La potatura di formazione consiste in una serie di tagli invernali e di interventi sul verde, al fine di consentire la migliore costruzione delle piante e di favorire una rapida entrata in produzione. Nel complesso si tratta di operazioni abbastanza comuni alle varie forme di allevamento. Al primo anno non occorre avere viti eccessivamente forzate e sviluppate, per cui alla prima potatura invernale converrà lasciare un solo tralcio alla lunghezza di 2-3 gemme (naturalmente il migliore per posizione e sviluppo) o, per le viti più vigorose, a 4-5 gemme.
Nella primavera seguente, quando i germogli avranno raggiunto i 15-20 cm di lunghezza, interverrete a eliminarli o semplicemente a spuntarli, lasciandone solo uno intero (di solito il più alto) per favorirne il massimo sviluppo.
Nello stesso tempo, a partire da marzo e per altre 2-3 volte in primavera e inizio estate, distribuirete anche a tutto campo una buona dose di concimi poco prima di interventi irrigui o di eventuali piogge. Questo consentirà di arrivare a ottenere a fine stagione un tralcio di 3-4 metri di lunghezza che, se ben significato, rappresenterà la base fondamentale per la costruzione della forma di allevamento e per l’inizio della piena produzione a partire già dal terzo anno di impianto.
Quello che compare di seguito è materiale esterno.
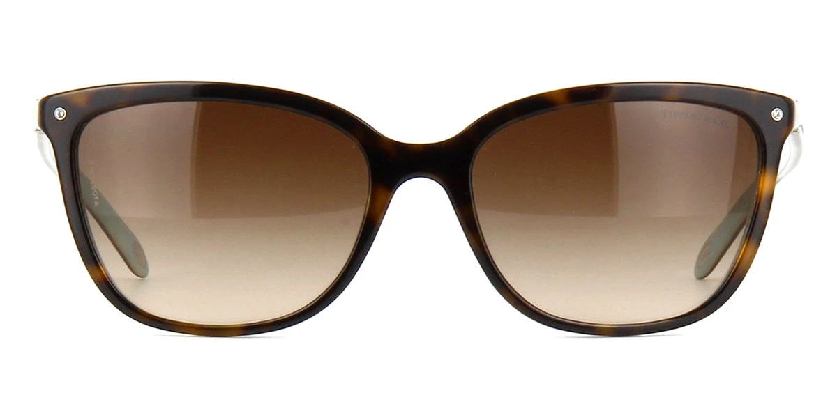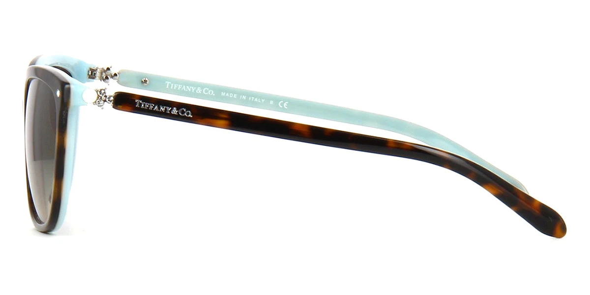 This round Tiffany sunglass comes in a havana and blue frame with brown gradient lenses.
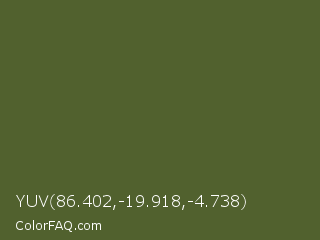 YUV 86.402,-19.918,-4.738 Color is a dark lime color and the nearest color is Dark Olive Green #556b2f. Hex code #51612e and RGB value is rgb(81,97,46). In RGB color space, this color is composed of 32% red, 38% green, 18% blue, In CMYK color space, this color is composed of 16% cyan, 0% magenta, 53% yellow , 62% black , In HSL color space, this color has a hue angle of 79° , 36% saturation and 28% lightness.

Le forme di allevamento tradizionali

Le pergole sono antiche forme di allevamento diffuse nelle regioni settentrionali, particolarmente nel Trentino Alto-Adige, Veneto, Emilia-Romagna.
Assumono varie caratteristiche secondo la giacitura del terreno, collinare o di pianura.
Pergole
Pergole veronesi e vicentine. Nella provincia di Verona le pergole hanno subito l’influenza del trentino nelle zone doc della Valpolicella e del Bardolino, con strutture e portamenti obliqui, mentre spostandosi verso est, nelle zone doc di Soave e Gambellara le strutture sono invece perfettamente orizzontali. Le distanze di impianto variano da 50 a 120 cm sulla fila e da 3,5 a 5 m tra file. Anche nel resto del Veneto queste forme molto espanse si sono diffuse soprattutto dagli anni 50 e fino ai primi anni 90, sulla spinta di forti richieste d’uva da parte delle grandi cantine sociali e private e del successo in tutto il mondo dei vigneti. Oggi, visto la necessità di produrre “meno ma meglio”, con la rarefazione della manodopera e con la tendenza all’aumento delle superfici medie aziendali, l’adozione delle pergole va limitandosi solo alle piccole aziende vitivinicole.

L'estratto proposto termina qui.